Patients and methods
Study cohort
Patients of all ages, identified from our computerized database, were included in this study if they had AML in CR1 or CR2 with or without incomplete peripheral blood count recovery based on morphologic criteria14,15 (ie, regardless of the presence of MRD) at the time of HCT, underwent myeloablative conditioning, had either a matched sibling or unrelated donor, and received the first transplant. We included all consecutive patients meeting these criteria if they underwent pre-HCT workup from late April 2006 (the time a refined MFC-based MRD detection method was introduced at our institution and was used routinely during the pre-HCT work-up in all patients) until November 2011. Results on the first 99 CR1 patients have been previously reported.7 We used the 2008 World Health Organization criteria to define AML16 and the refined United Kingdom Medical Research Council criteria to assign cytogenetic risk.17 Cytogenetic analysis was performed with the G-banding method. Treatment response criteria were used as proposed by international working groups.14,15 Because many patients were referred from outside institutions, molecular testing for nucleophosmin, fms-related tyrosine kinase 3, and CCAAT/enhancer binding protein alpha mutations was not uniformly available. Chronic graft-versus-host disease (cGVHD) was diagnosed using the National Institutes of Health consensus criteria.18 Information on post-transplant outcomes was captured via the Long-Term Follow-Up Program through medical records from our outpatient clinic and local clinics that provided primary care for patients. All patients were treated based on Institutional Review Board-approved protocols and provided consent in accordance with the Declaration of Helsinki. Follow-up was current as of April 1, 2013.
MFC detection of MRD
Ten-color MFC was performed on bone marrow aspirates obtained as routine baseline assessment before HCT with a panel consisting of 3 tubes as follows7 : (1) HLA-DR-Pacific Blue, CD15-fluorescein isothiocyanate, CD33-phycoerythrin (PE), CD19-PE-Texas Red (PE-TR), CD117-PE-Cy5, CD13-PE-Cy7, CD38-Alexa 594 (A594), CD34-allophycocyanin (APC), CD71-APC-A700, and CD45-APC-H7. (2) HLA-DR-Pacific Blue, CD64-fluorescein isothiocyanate, CD123-PE, CD4-PE-TR, CD14-PE-Cy5.5, CD13-PE-Cy7, CD38-A594, CD34-APC, CD16-APC-A700, and CD45-APC-H7. (3) CD56-Alexa 488, CD7-PE, CD5-PE-Cy5, CD33-PE-Cy7, CD38-A594, CD34-APC, and CD45-APC-H7. All antibodies were obtained from Beckman-Coulter (Fullerton, CA) or Becton-Dickinson (San Jose, CA). Up to 1 million events per tube were acquired on a custom-built LSRII and data compensation and analysis were performed using software developed in our laboratory (WoodList). MRD was identified as a population showing deviation from the normal patterns of antigen expression seen on specific cell lineages at specific stages of maturation as compared with either normal or regenerating marrow. Thus, this approach was not restricted to the use of LAIP, as immunophenotypic data from initial disease presentation was only available for a subset of patients; however, if available, such LAIP abnormalities were also assessed in the pre-HCT specimens. The routine sensitivity of this assay was estimated at 0.1%, although a higher level of sensitivity was possible for a subset of leukemias featuring more frankly aberrant immunophenotypes.

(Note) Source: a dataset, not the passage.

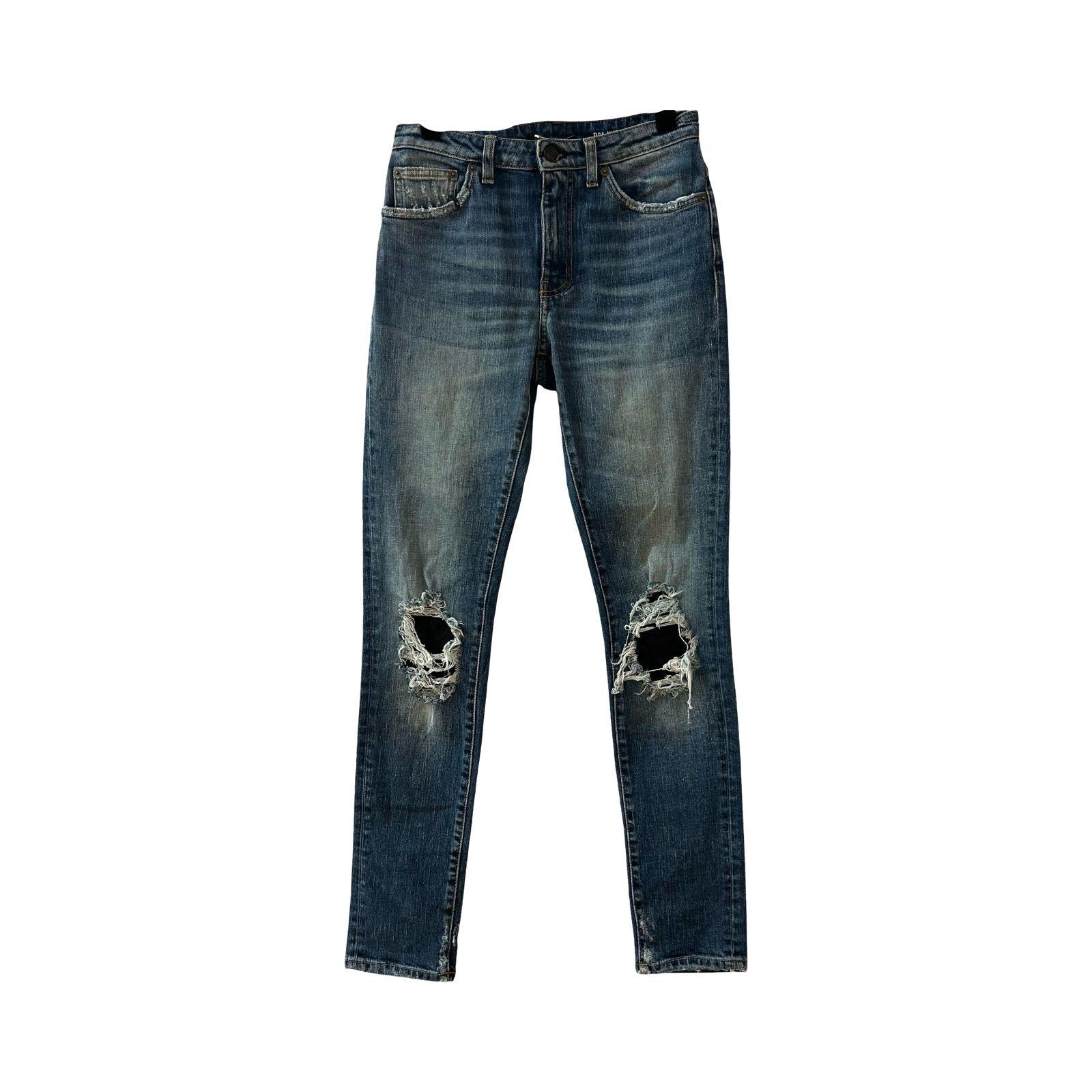 Saint Laurent Mid Blue Distressed Skinny Jeans - Size W28

When identified, the abnormal population was quantified as a percentage of the total CD45+ white cell events. As done previously, and as pre-specified, any level of residual disease was considered MRD-positive (MRDpos).7
Statistical analysis
Unadjusted probabilities of overall survival (OS) and disease-free survival (DFS) were estimated using the Kaplan-Meier method, and probabilities of nonrelapse mortality (NRM) and relapse were summarized using cumulative incidence estimates. NRM was defined as death without prior relapse and was considered a competing risk for relapse, although relapse was a competing risk for NRM. All outcomes were treated as time-to-event end points. Outcomes between MRDpos and MRD-negative (MRDneg) groups were compared using Cox regression. Multivariate models included the following additional factors: age at the time of HCT, CR status (CR1 vs CR2), cytogenetic risk group at time of AML diagnosis (unfavorable vs favorable/intermediate), type of AML at diagnosis (secondary vs primary), number of induction chemotherapy cycles before HCT, type of consolidation chemotherapy before HCT (none vs high-dose cytarabine [HIDAC]-containing vs non-HIDAC containing), CR duration before HCT, karyotype at time of HCT (normalized vs not normalized for patients presenting with abnormal karyotypes), peripheral blood counts at the time of HCT (CR vs CR with incomplete peripheral blood count recovery [CRi]), and conditioning regimen (with vs without total body irradiation [TBI]). A graft-versus-leukemia (GVL) effect was evaluated by adding cGVHD as a time-dependent covariate in the analysis of relapse. Missing cytogenetic risk and karyotype were accounted for each as separate categories. Categorical patient characteristics were compared between MRDpos and MRDneg groups using Pearson’s χ-square tests, and continuous characteristics were compared with two-sample Student t tests. No adjustments were made for multiple comparisons, and all two-sided P values from the regression models were derived from the Wald test. Statistical analyses were performed using STATA (StataCorp LP, College Station, TX).
Results
Patient characteristics
We identified 253 patients undergoing first myeloablative HCT from a matched-related or an unrelated donor for AML in first (n = 183) or second (n = 70) remission between April 2006 and November 2011 who had pre-HCT MFC studies available for retrospective analysis. All patients had <5% bone marrow blasts and thus met the morphologic criterion for CR. Among these, 54 patients had MRD by flow cytometry (ie, were MRDpos), whereas 199 others had no evidence of flow cytometric MRD (ie, were MRDneg). The characteristics of the study population, induction and consolidation chemotherapies, donors, and transplants are summarized in Table 1 and Table 2. Notably, CR2 patients differed from CR1 patients in that they were more likely to have favorable risk disease by standard cytogenetic criteria (22.9% vs 3.3%); in contrast, they were less likely to have adverse risk (11.4% vs 26.2%) or secondary AML (8.6% vs 34.4%). The CR1 duration before relapse was relatively long for patients transplanted in CR2 (median 337 days, range 9-2000 days).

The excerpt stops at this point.